Very nice. Two things that I would have done differently, but not necessarily better: First, I think this is one of the few times where I would have used CFScript. Maybe. Second, instead of picking apart theNumber as a string of digits, I would have taken advantage of the fact that it's described in cfargument as a numeric. Thus, to see whether it's between 10 and 19, I would have replaced

<cfif theNumber GTE 10 AND mid(theNumber,len(theNumber)-1,1) EQ "1">

with

<cfif int(theNumber / 10) mod 10 is 1>

and

<cfswitch expression="#right(theNumber,1)#">

Just my approach.
with

<cfswitch expression="#theNumber mod 10#">

Steven Neiland's Gravatar
Steven Neiland
Thursday, April 26, 2012 at 12:43:03 AM EDT

Thanks Matt.

Im not a fan of cfscript in general.
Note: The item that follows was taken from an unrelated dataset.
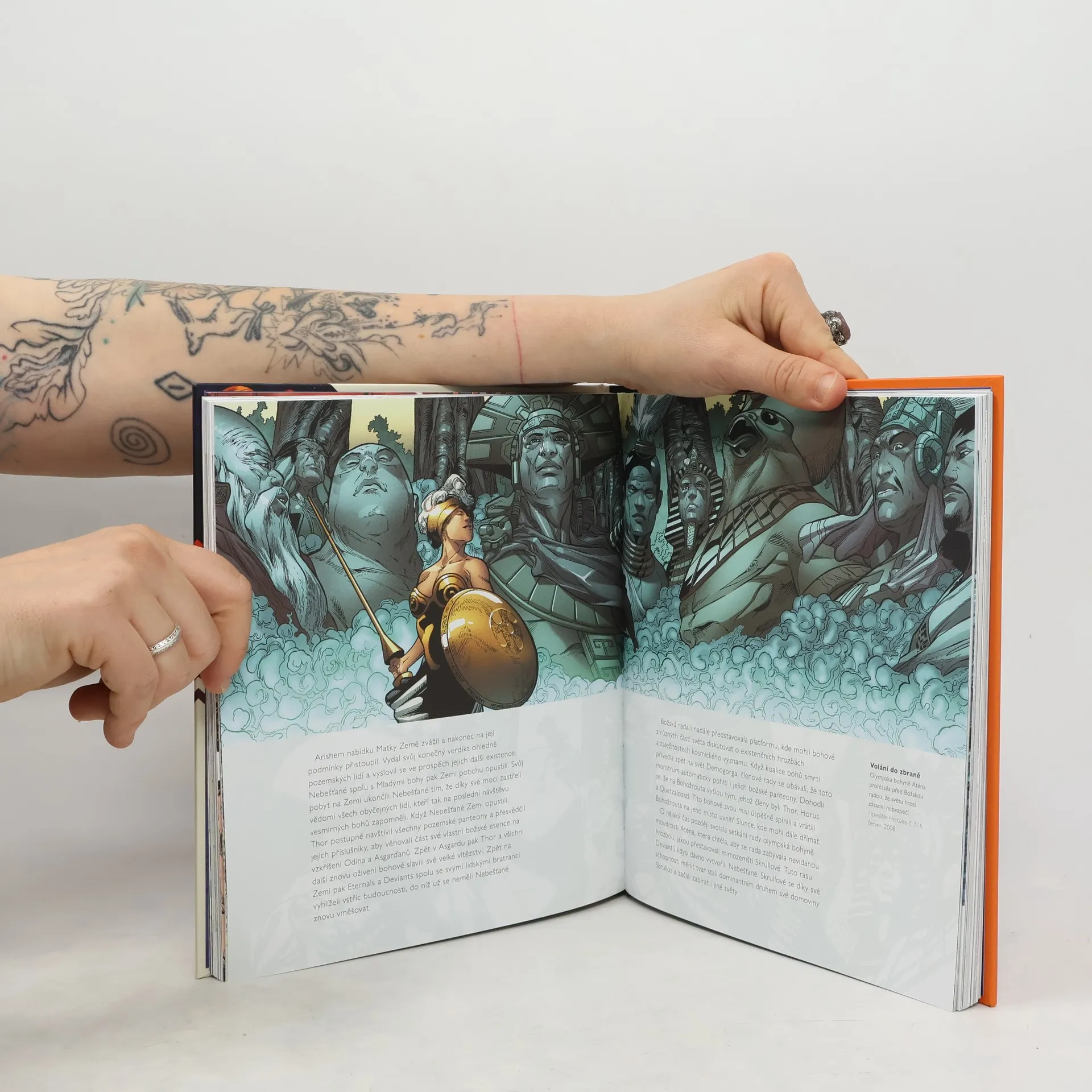 Objevte božské mýty a epické legendy marvelovského vesmíru Co se skrývá v minulosti nejsilnějších superbytostí ze světa Marvelu? Vraťte se v čase až k úsvitu věků a staňte se svědky zrození rasy Nebešťanů. Prozkoumejte panteony Thora a Asgarďanů i jejich rivalů z Olympie. Poznejte mystické začátky Nejvyššího mága Doctora Strange. Procházejte se spolu s bohy Wakandy a legendárními Black Panthery. V této fantastické publikaci najdete všechny velkolepé ságy, které píšou příběh spletitého marvelovského vesmíru.
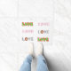 Ein Retro-Stil-Türmchen mit LIEBE darüber geschrieben. LIEBE, LIEBE, LIEBE, LIEBE, LIEBE. Das Doormat ist von hoher Qualität und wird über Jahre dauern, um den lassend Gästen zu zeigen, was sie beim Überschreiten der Schwelle erwarten. LIEBE.

I like to keep my code consistent and because I find cfquery clunky in script I am unlikely to switch.

I like your approach to finding the 10-19 range. It does give a small performance boost of around 400ms over a cycle of 10000 permutations. Its small but every bit counts.

The one point in favour of my solution is that it is easy to understand for new developers the logic without having to go into explaining the math.